A federal judge has issued a preliminary injunction against the placement of a clearly Christian memorial to soldiers planned for public property in Lake Elsinore, California. The suit was filed by the American Humanist Association, which issued a press release:
The AHA filed suit in federal court May 31, 2013, to stop the Lake Elsinore City Council from funding and constructing the display at the city-owned baseball stadium. The city council approved the project in November 2012, despite constitutional concerns. The AHA’s Appignani Humanist Legal Center sent a letter at that time to the city council explaining that the cross monument would violate the separation of church and state required by the Constitution, but no reply was received. The city approved the design and allocated approximately $50,000 of city funds for construction and installation.
“It is a violation of the First Amendment when a government body unnecessarily chooses a divisively religious means of honoring the country’s veterans,” said William Burgess, an attorney with the Appignani Humanist Legal Center participating at yesterday’s hearing. “We are pleased that Judge Wilson has seen the necessary merit in our case to stop the religious memorial from being erected on public grounds.”
You can read the full ruling here. This is not the end of the case, it’s just a preliminary injunction, but the judge clearly indicates that the city is likely to lose at trial. The judge noted that members of the city council made many statements explicitly tying the design, which has a soldier bowing before a cross, to Christianity:
Then-Mayor Pro Tem Hickman stated, “I feel sorry for us that we as Christians cannot show the cross because [of] the First Amendment, okay, it really is a shame that our society is leaning that way.” Councilmember Melendez stated that it was a“sad reflection on our society when as a Christian nation, one of the principles upon which we were founded is something we are forced to hide in society specifically with reverence to our veterans, the very people who have fought to protect our religious freedom…”

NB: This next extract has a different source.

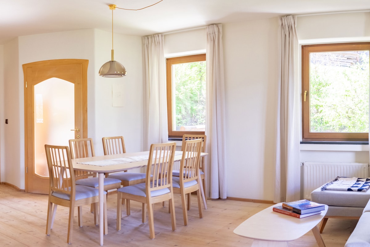 Du vil elske min bolig på grund af den rolige beliggenhed midt i enge og skove. Den smukke udsigt fra lejlighedens balkon, hvor du kan nyde stjernehimlen med et glas vin. Med lidt held kan du også se et vildt dyr, såsom en hjort eller en rådyr. Til din frokost eller middag kan du hente friske urter fra urtehaven og frisk mælk og æg fra vores kyllinger, til morgenmad er der også hos os. Sydtyrolpasset er gratis.

At that point, Councilmember Robert Magee made a motion tocontinue the item and direct City staff to discuss the design with regard to the “religious references.” Mayor ProTem Hickman objected, stating “I’m not going to sit here and wait for people to denigrate my beliefs, okay, and so I’ll give them two weeks.” Mayor Tisdale suggested that it would not be possible to have a new design in two weeks; Mayor Pro Tem Hickman responded, “Then we don’t have to change it.”…
Councilmember Melendez noted that the cross had been “controversial” but that the monument, asproposed, honored “all veterans,” and concluded that Monument had “nothing to do with religion.”
Funny how it has to do with religion and how it “denigrates” Christianity to choose not to have the cross there, then it suddenly has “nothing to do with religion” later. And no, it does not honor all veterans, it only honors Christian veterans. The local residents speaking out at the city council meetings certainly knew that it was about religion. One said, “[The cross] needs to stay just the way it is…This is a symbol for all denominations of religion if anybody knows anything about religion.” Another said, “I am in favor of any design promoting Bible morality.”
As always happens in such cases, the city council tried to invent an entirely new and non-religious rationale for the explicitly religious nature of the monument, but the judge noted that the legislative history of the monument clearly showed this to be false. To accept that the legally convenient position of the city council in regard to the purpose of that design was accurate, the judge said, “this Court would have to ignore the entire sequence of events leading up to the approval” of the monument.